项目作者: akjindal53244
项目描述 :
Text classification using char-CNN + word-CNN
高级语言: Python
项目地址: git://github.com/akjindal53244/text_classification_hierarchical_cnn.git
text_classification_hierarchical_cnn
Text classification using char-CNN + word-CNN
Reference:
Convolutional Neural Networks for Sentence Classification
http://www.aclweb.org/anthology/D14-1181
Character-Aware Neural Language Models
https://arxiv.org/pdf/1508.06615.pdf
File configuations:
- Assign suitable name to variable ‘datasetidentity’ (dataset specific name) under class DataConfig. Create folder with name “dump“ + dataset_identity under ‘data’ folder. All dataset specific vocab, embedding_matrix will be automatically stored in this folder.
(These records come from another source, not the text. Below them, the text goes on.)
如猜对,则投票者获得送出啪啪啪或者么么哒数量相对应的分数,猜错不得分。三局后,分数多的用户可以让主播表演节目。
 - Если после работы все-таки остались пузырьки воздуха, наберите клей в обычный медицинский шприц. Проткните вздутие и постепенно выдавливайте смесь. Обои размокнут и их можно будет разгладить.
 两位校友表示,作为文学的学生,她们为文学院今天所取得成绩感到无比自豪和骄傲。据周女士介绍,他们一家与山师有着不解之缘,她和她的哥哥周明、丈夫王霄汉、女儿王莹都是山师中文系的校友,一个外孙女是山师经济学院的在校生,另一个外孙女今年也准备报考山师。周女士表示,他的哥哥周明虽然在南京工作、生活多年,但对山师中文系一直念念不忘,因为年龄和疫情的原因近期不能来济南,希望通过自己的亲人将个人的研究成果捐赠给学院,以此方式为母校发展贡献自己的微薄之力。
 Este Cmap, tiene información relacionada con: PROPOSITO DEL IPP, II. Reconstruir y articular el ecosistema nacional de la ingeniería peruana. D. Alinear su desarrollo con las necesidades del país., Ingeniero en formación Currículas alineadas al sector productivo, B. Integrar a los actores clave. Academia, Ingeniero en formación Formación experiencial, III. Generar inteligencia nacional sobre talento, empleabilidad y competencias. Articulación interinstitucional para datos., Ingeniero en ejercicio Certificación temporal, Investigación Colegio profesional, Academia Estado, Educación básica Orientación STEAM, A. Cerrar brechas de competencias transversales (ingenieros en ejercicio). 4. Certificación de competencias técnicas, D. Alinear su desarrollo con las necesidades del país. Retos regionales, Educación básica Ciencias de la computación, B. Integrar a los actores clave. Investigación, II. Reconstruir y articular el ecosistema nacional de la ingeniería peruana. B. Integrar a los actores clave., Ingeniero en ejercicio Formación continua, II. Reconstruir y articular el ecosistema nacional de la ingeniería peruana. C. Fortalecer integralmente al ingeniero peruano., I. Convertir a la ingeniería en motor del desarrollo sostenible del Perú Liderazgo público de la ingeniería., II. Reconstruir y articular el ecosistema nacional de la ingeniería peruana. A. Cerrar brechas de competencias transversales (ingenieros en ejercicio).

It helps maintaining consistency while doing experiments on multiple datasets.
- Like above, copy train, valid and test files under folder with name as ‘dataset_identity’ variable’s value under ‘data’ folder and accordingly change file/folder paths into class DataConfig under ‘utils/feature_extraction.py’.
- data format: Label TAB Utterance (No space around “\t”)
- Model and architecture related settings (number of layers, filters, enable fully connected layers, dropout, epochs, batch_size, lr etc..) can be adjusted via class ‘ModelConfig’ under ‘utils/feature_extraction.py’
- Current code uses SENNA 50d embeddings - https://ronan.collobert.com/senna/ however you can use your own embeddings. Just change filename via variable name ‘embedding_file’ into class ‘DataConfig’
Traininig/Testing => train.py
For Training:
main(Flags.TRAIN, load_existing_dump=False)
‘load_existing_dump’:
If set to False, will create vocabs, embedding_matrix etc. from input dataset and saves into ‘dump_dir’ as mentioned above.
If True, will load it from existing ‘dump_dir’ without creating vocabs again, thus little faster. It is useful while performing multiple training with same dataset:
main(Flags.TRAIN, load_existing_dump=True)
For Testing:
main(Flags.TEST, load_existing_dump=True)
Error Analysis:
Incorrect test predictions will automatically get written under model_saver directory.